Berners-Lee sketches out plan for gov't data

Raw government data should be published using open formats to enable mash-ups, according to the inventor of the world wide web
Written by Tom Espiner, Contributor

World wide web inventor Sir Tim Berners-Lee has published advice as to how more government data can be made available online.

In a paper on Thursday, Berners-Lee said that the government should "start with low-hanging fruit", by publishing raw data.

"Whatever else, the raw data should be made available as soon as possible," wrote Berners-Lee. "Preferably, it should be put up as Linked Data."

The characteristics of Linked Data, according to Berners-Lee, are that the data is open format; it is modular, so it can be mashed up; and it is scalable, so more modules can be added. The data can then be linked to outside sources, and finally, user interfaces can be devised, according to the paper.

He also recommened that the Linked Data be presented in the resource description format (RDF), he added. RDF brings together a number of metadata web specifications developed by the World Wide Web Consortium (W3C), an international standards organisation set up by Berners-Lee.

In addition, Berners-Lee suggested that data now found in relational databases should be delivered in a form where it can be accessed using open-source tools such as D2RServer and Triplify. Spreadsheets should be converted to RDF using W3C tools.

Mashups of government data could provide useful information, he said. For example, data on health care expenditures for an area could be combined with data about the characteristics of the population, to assess the effectiveness government programs.

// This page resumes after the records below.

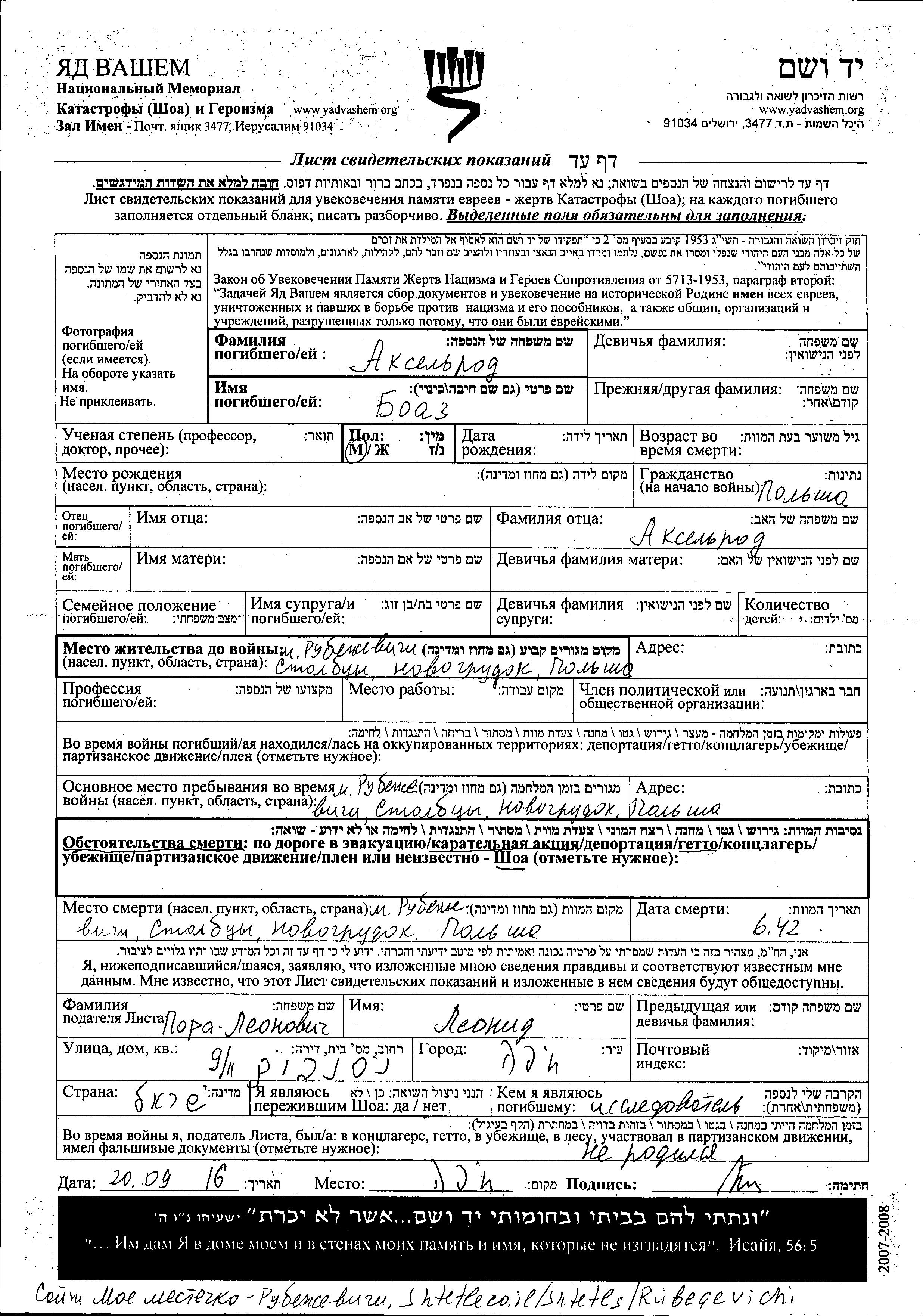 Boaz Akselrod. Prior to WWII he lived in Rubezhevichi, Poland. During the war he was in Rubezhevichi, Poland. Boaz was murdered in the Shoah. Place of death: Rubezhevichi, Poland, 06/1942.
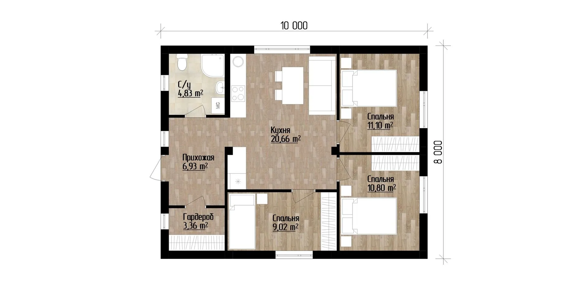 Площадь дома 66 м2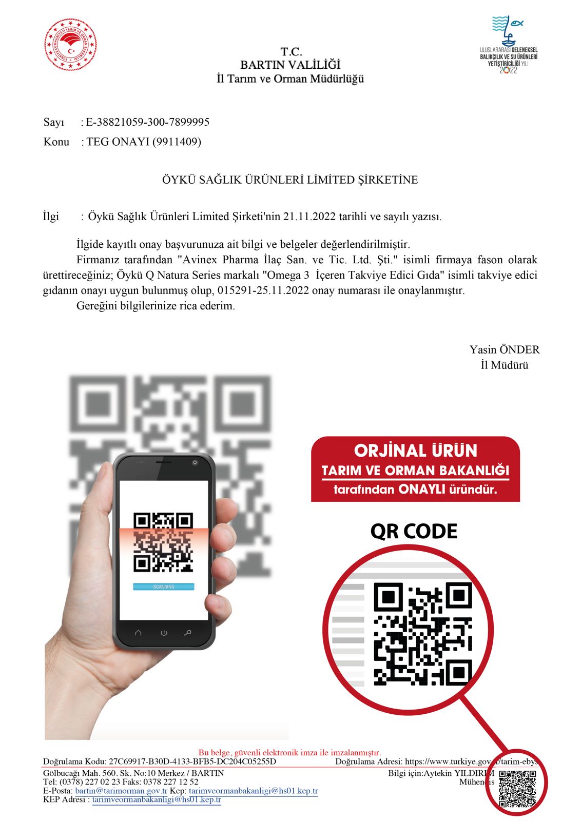 Takviye Edici Gıda Onay No: 015291-25.11.2022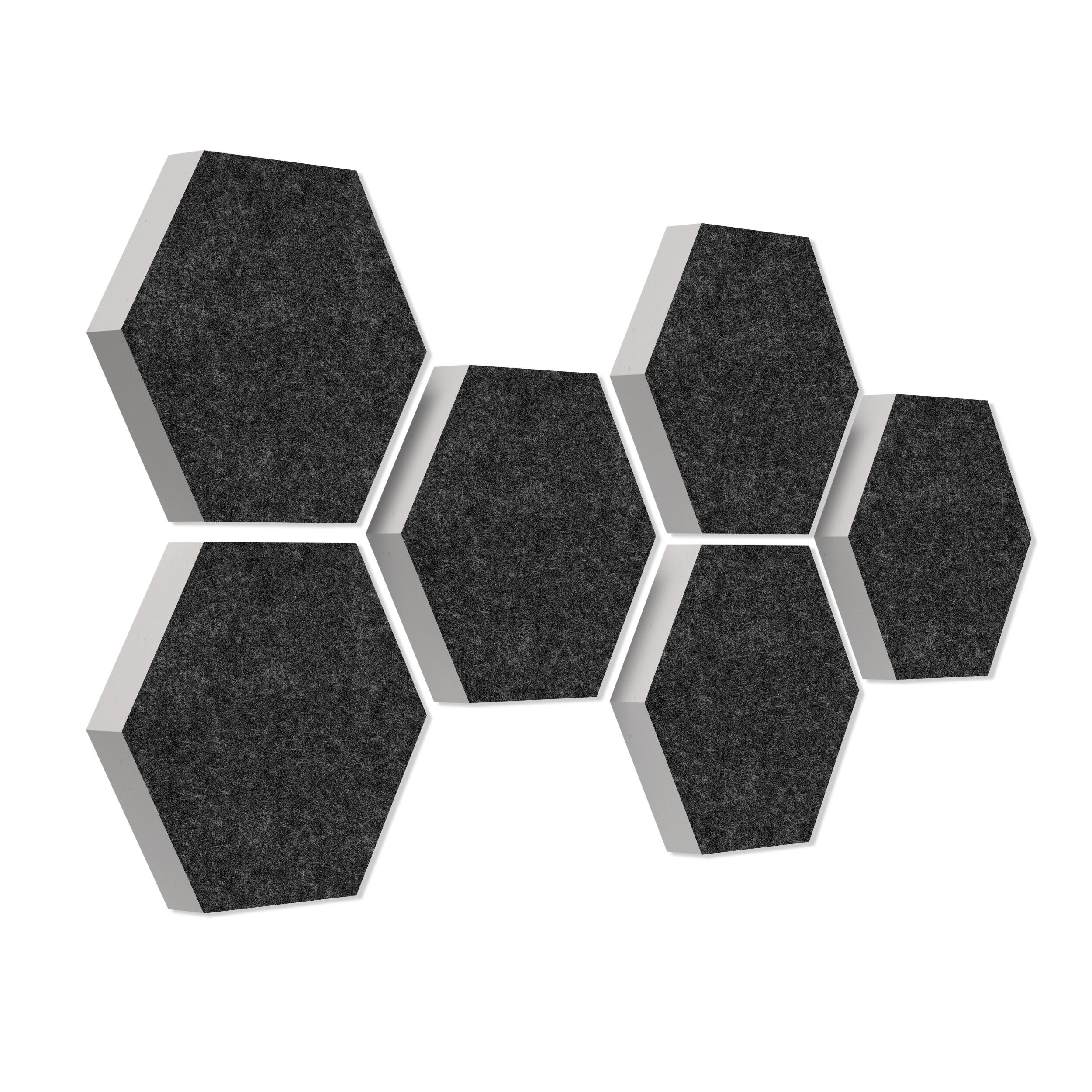 Lieferumfang 6 Akustikelemente Wabenform mit hochwertiger Akustikfilz-Oberfläche: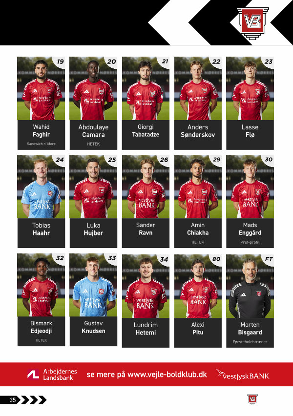 se mere på www. vejle-boldklub. dk 24 Tobias Haahr 25 Luka Hujber 26 Sander Ravn 32 Bismark Edjeodji HETEK 19 Wahid Faghir Sandwich n’ More 34 Lundrim Hetemi 22 Anders Sønderskov 20 Abdoulaye Camara HETEK 23 Lasse Flø 29 Amin Chiakha HETEK 80 Alexi Pitu FT Morten Bisgaard Førsteholdstræner 30 Mads Enggård Prof-profil 21 Giorgi Tabatadze 33 Gustav Knudsen 35
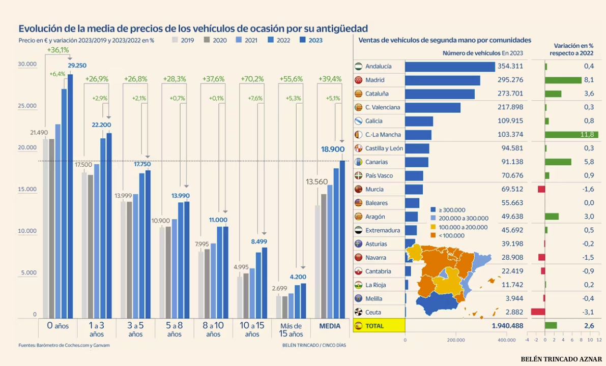 Barcelona, 20 de febrero del 2024.- “Comprar un coche viejo, usarlo unos meses y venderlo más caro”. El periódico Cinco Días informa sobre esta nueva tendencia en el mercado de ocasión de automóviles. Los datos son los siguientes: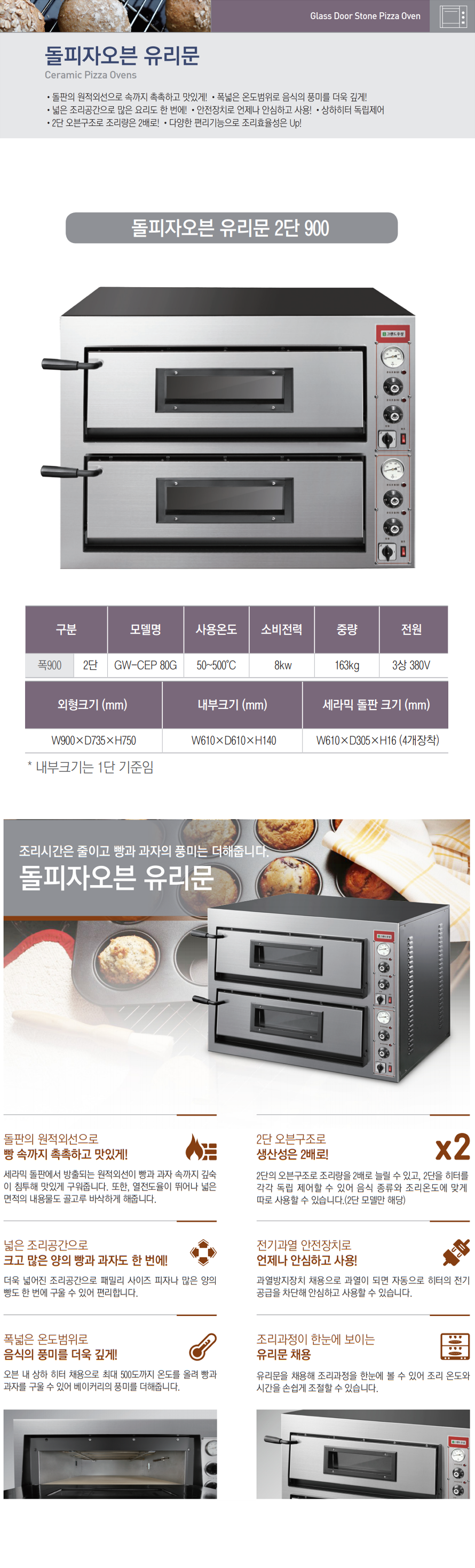 우성 GW-CEP80G 2단 전기오븐 피자 세라믹돌판 유리문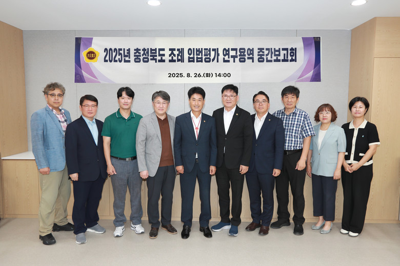 [충북 세계타임즈=이현진 기자] 충북도의회(의장 이양섭)는 26일 의회 신청사 회의실에서 ‘충청북도 조례 입법평가 연구용역’ 중간보고회를 개최했다.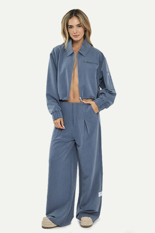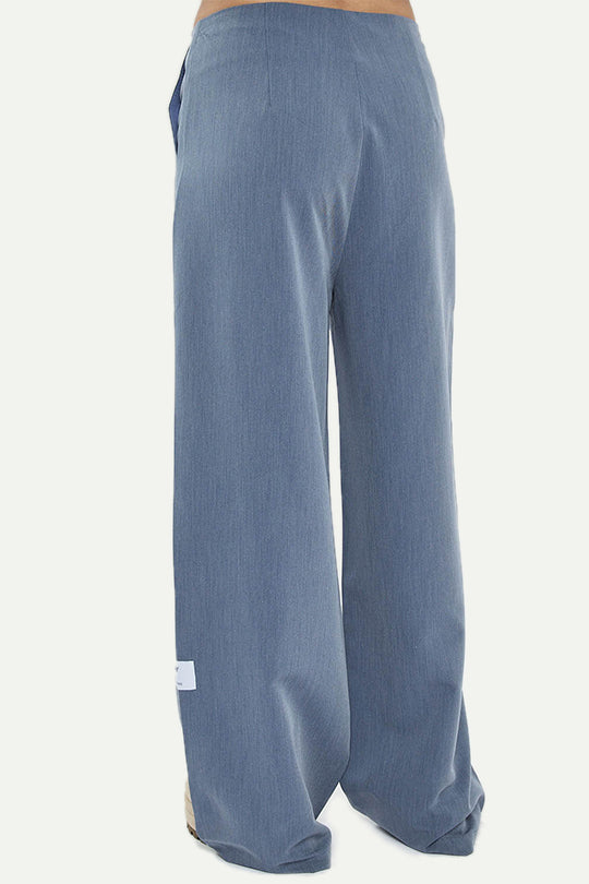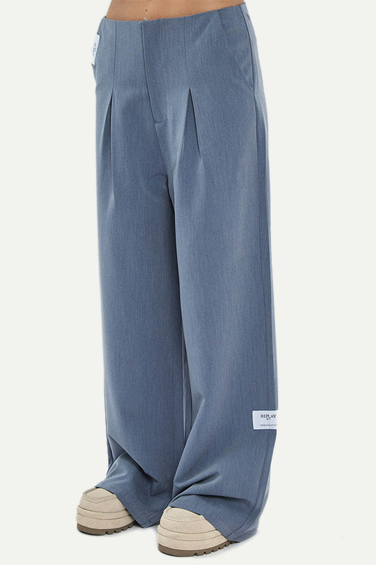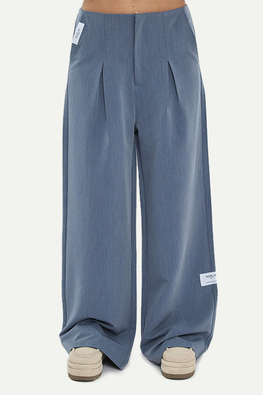 מכנסי טיילורד בגזרה רחבה עם קפלים קדמיים ליצירת נפילה מחמיאה. מגיעים בצבע כחול עם סגירה קדמית נקייה ותווית לוגו קטנה. בד יציב שמייצר מראה מלוטש. משתלב כסט עם הג’קט התואם או כפריט עצמאי ללוק יומיומי מדויק.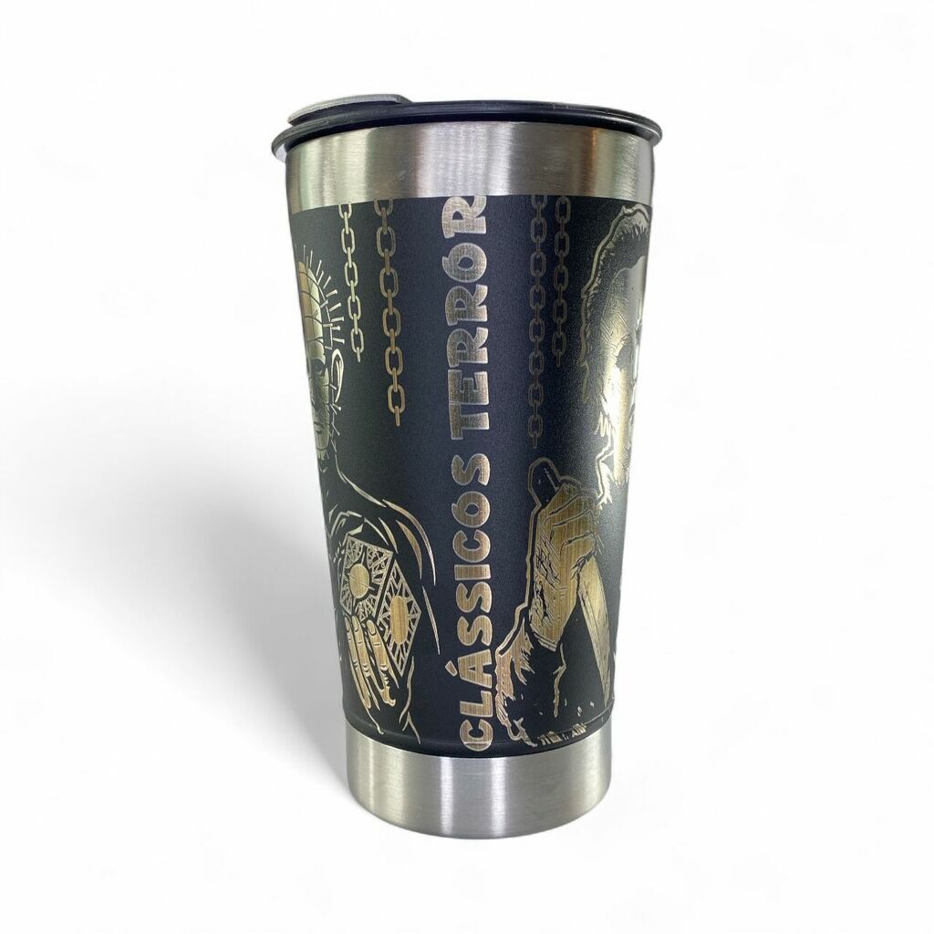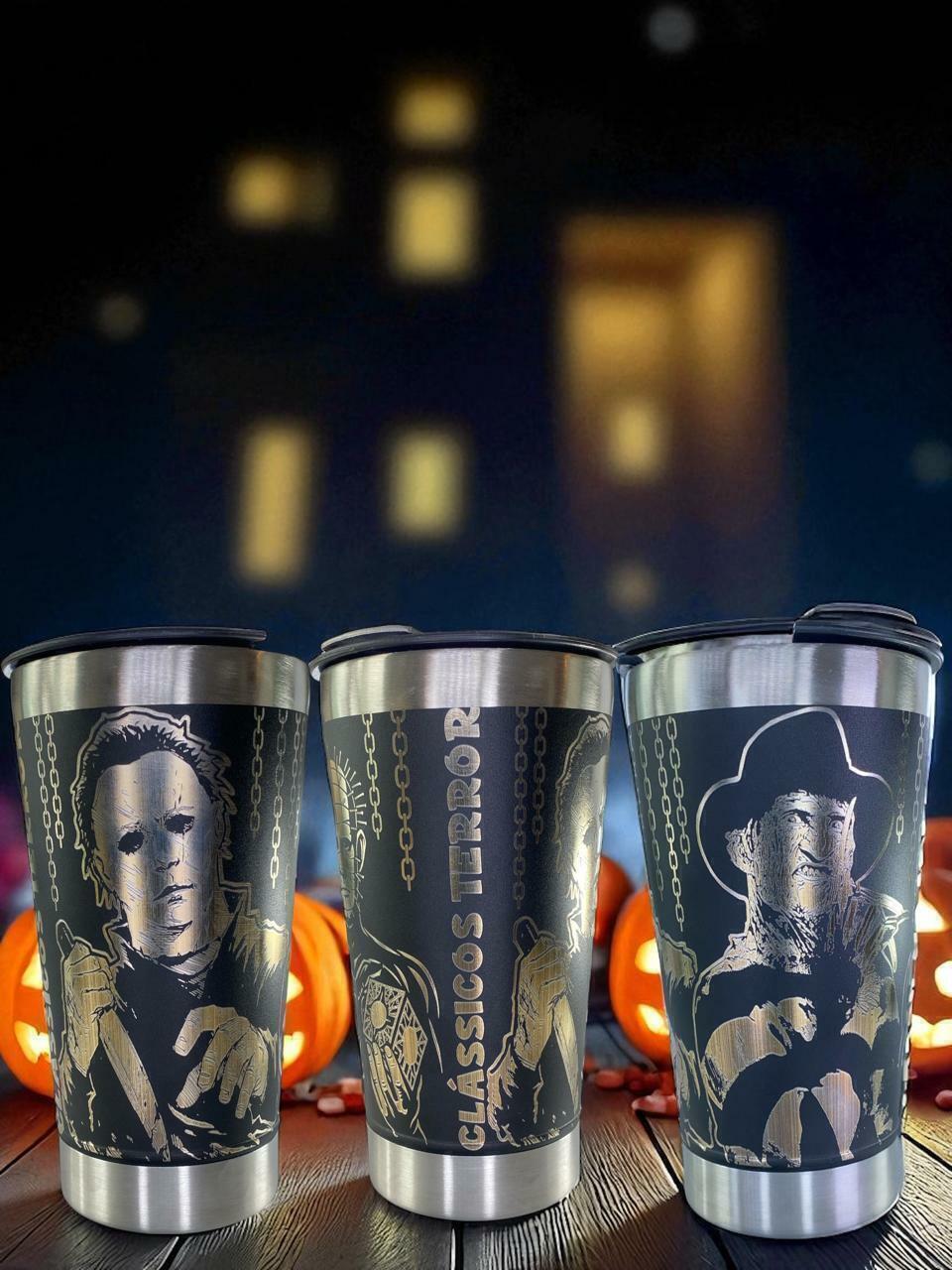 Entre no clima dos maiores ícones do cinema de terror com este copo térmico exclusivo dos Clássicos do Terror. Gravado a laser em 360º, ele traz um design sombrio e impressionante com personagens que marcaram gerações: Freddy Krueger, Michael Myers e Pinhead.

However, Berners-Lee said that privacy was also important.

"This article does not suggest that all data should be made public, nor does it discuss issues with anonymisation of data," wrote Berners-Lee. "Systems where [personally identifiable information] is an issue will probably not be an early choice when selecting those to put on the web."

Berners-Lee published the report in his capacity of adviser to the Cabinet Office. He was appointed by the government earlier this month to oversee the initial implementation of recommendations from the government's Power of Information report.